For the photocurrent measurements made in the dc mode, the effect of operational amplifier drift has to be taken into consideration as well. The drift in the output voltage of the current-to-voltage converter originates from two sources. The first is the amplified offset voltage drift of the operational amplifier. At a signal-gain selection of [10.sup.9] V/A, it will be 26 [micro]V for a temperature change of 1 [degrees]C (0.8 [micro]V/[degrees]C times the dc voltage gain of 33). The other drift component is the roughly 0.02 pA/[degrees]C offset current drift that produces an output voltage of 20 [micro]V through the same feedback resistor for the same temperature change. The signal-produced voltage at the output of the current-to-voltage converter should be always [10.sup.4] times larger than the resultant output drift voltage to achieve 0.01 % measurement uncertainty. In a worst case situation, the output signal should not be lower than 0.46 V for a temperature change of 1[degrees]C. This signal requirement applies for the output noise component of the converter as well. The 0.46 V output signal is also more than [10.sup.4] times larger than the measured 32.2 [micro]V output noise (corresponding to the 32.2 fA noise discussed above). If the temperature of the operational amplifier is regulated to 0.1 [degrees]C, the drift components in the output voltage of the converter will be lower than 5 [micro]V and the noise will limit the output signal at about 0.3 V.

3.3 AC Noise Measurements

According to the calculated voltage-gain curves in Fig. 11, trap radiometer No. 03 has a voltage-gain increase with increasing signal frequency for input 1/f voltage-noise between 1 Hz and 100 Hz. This is the frequency interval where ac measurements can be made. The voltage-gain curves are shown with solid lines for the highest three signal-gains. In each voltage-gain curve [[tau].sup.1] is a differentiating time constant producing a roll-on and [[tau].sup.2] is an integrating time constant producing a roll-off [16]. The long-dashed curve shows the frequency-dependent open-loop gain of the OPA627BM operational amplifier which limits the voltage gain at high frequencies. The frequency [f.sub.i] shows the roll-off of the amplifier open-loop gain curve. The short-dashed lines show how the partial frequency compensations discussed above (at [f.sub.c] = 100 Hz) can modify the shape of the voltage-gain curves.
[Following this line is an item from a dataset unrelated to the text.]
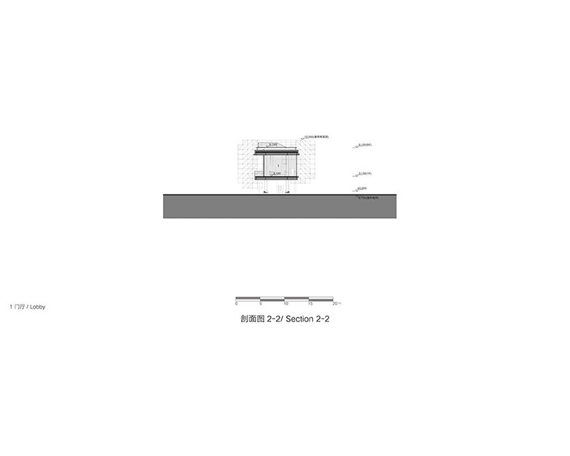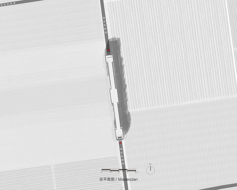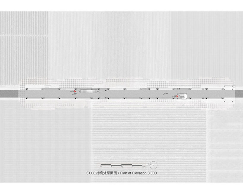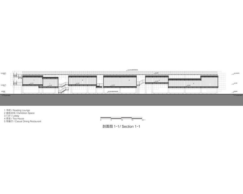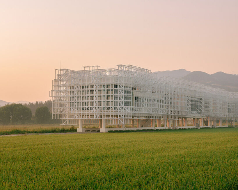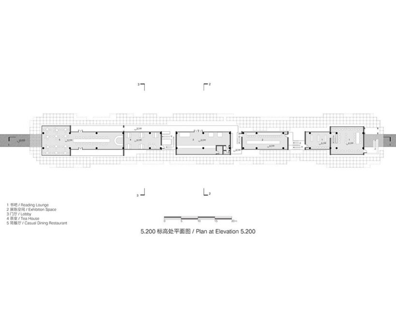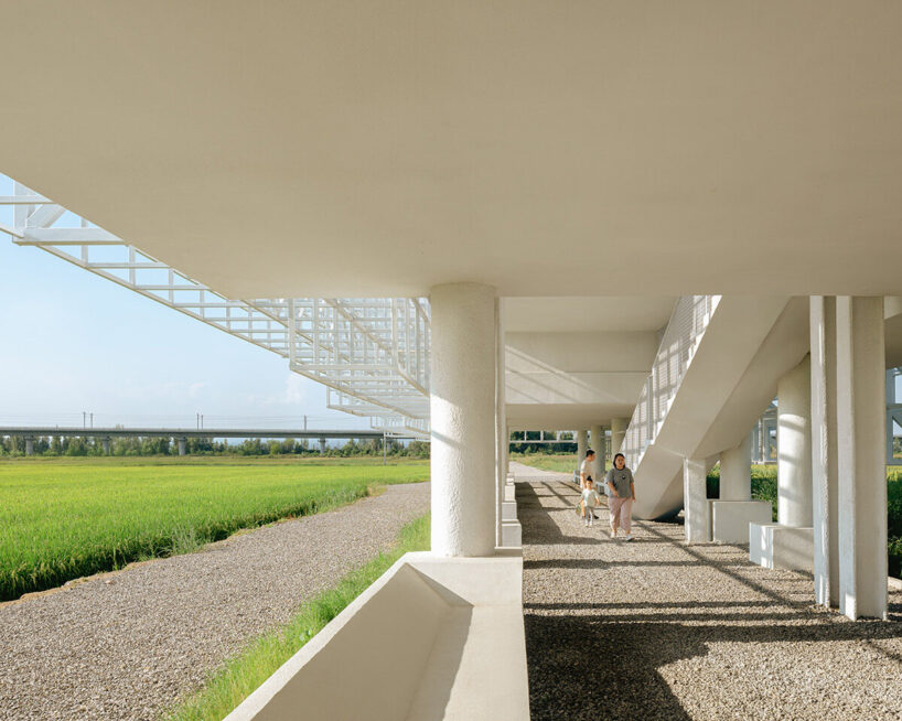 the project sits like a ring placed over the terrain, with its funnel-like roof forming a shaded perimeter walkway and an introverted core.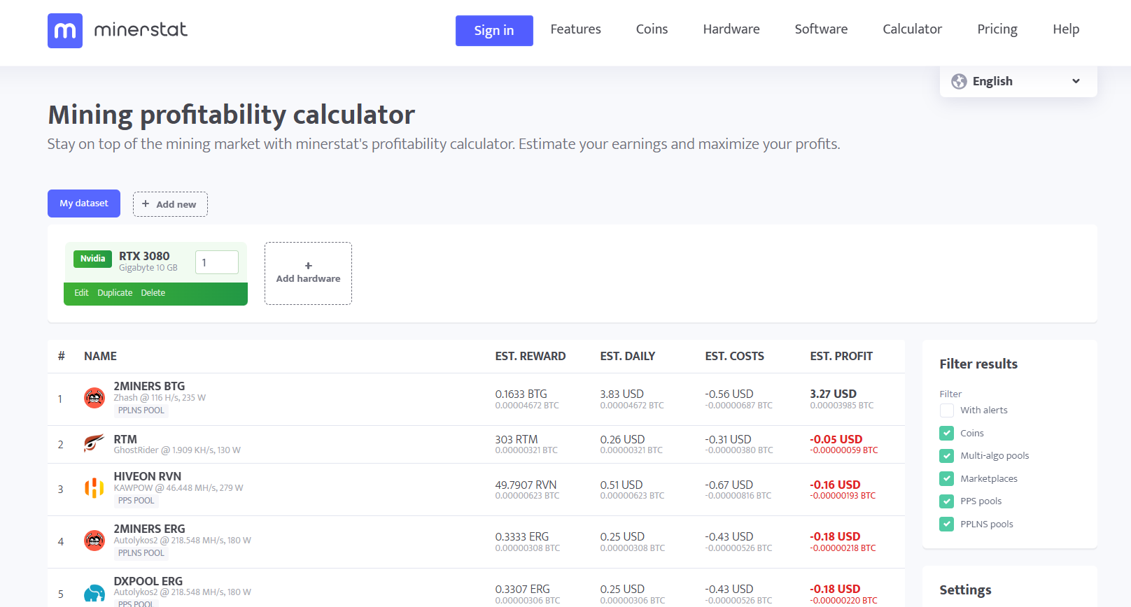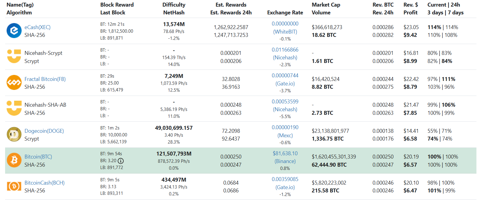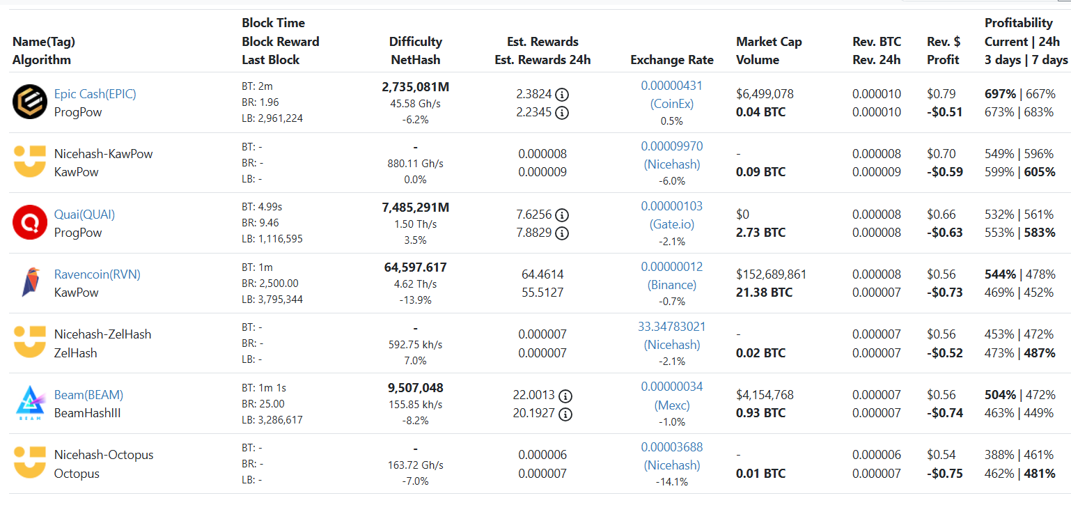Пользователи могут задать стоимость электроэнергии, и WhatToMine сразу рассчитает чистую прибыль с учетом расходов на электричество. Это удобный инструмент для сравнения разных алгоритмов (Ethash, KawPow, RandomX и др.) и коинов по прибыльности в реальном времени.

The output total noise of the trap radiometer was measured in the dark between 10 Hz and 40 Hz when the signal gain was [10.sup.8] V/A and the signal roll-off was tuned to 400 Hz. The tuning was done by a 2 pF external capacitor connected parallel to the [10.sup.8] [omega] feedback resistor. Figure 12 shows that the 7.2 fA noise-equivalent photocurrent at 10 Hz increased to 9.3 fA at 40 Hz. This result indicates that the effect of the increasing voltage gain with increasing frequency supersedes the decrease of the 1/f noise.

The total noise of the trap radiometer was measured at the optimum 10 Hz chopping frequency for all signal gain selections. An integrating time constant of 3.3 s was selected for the lock-in amplifier. The results, converted to noise equivalent power (NEP) using the 845 nm trap-detector responsivity, are shown with a solid curve in Fig. 13. The NEP is equal to the noise divided by responsivity.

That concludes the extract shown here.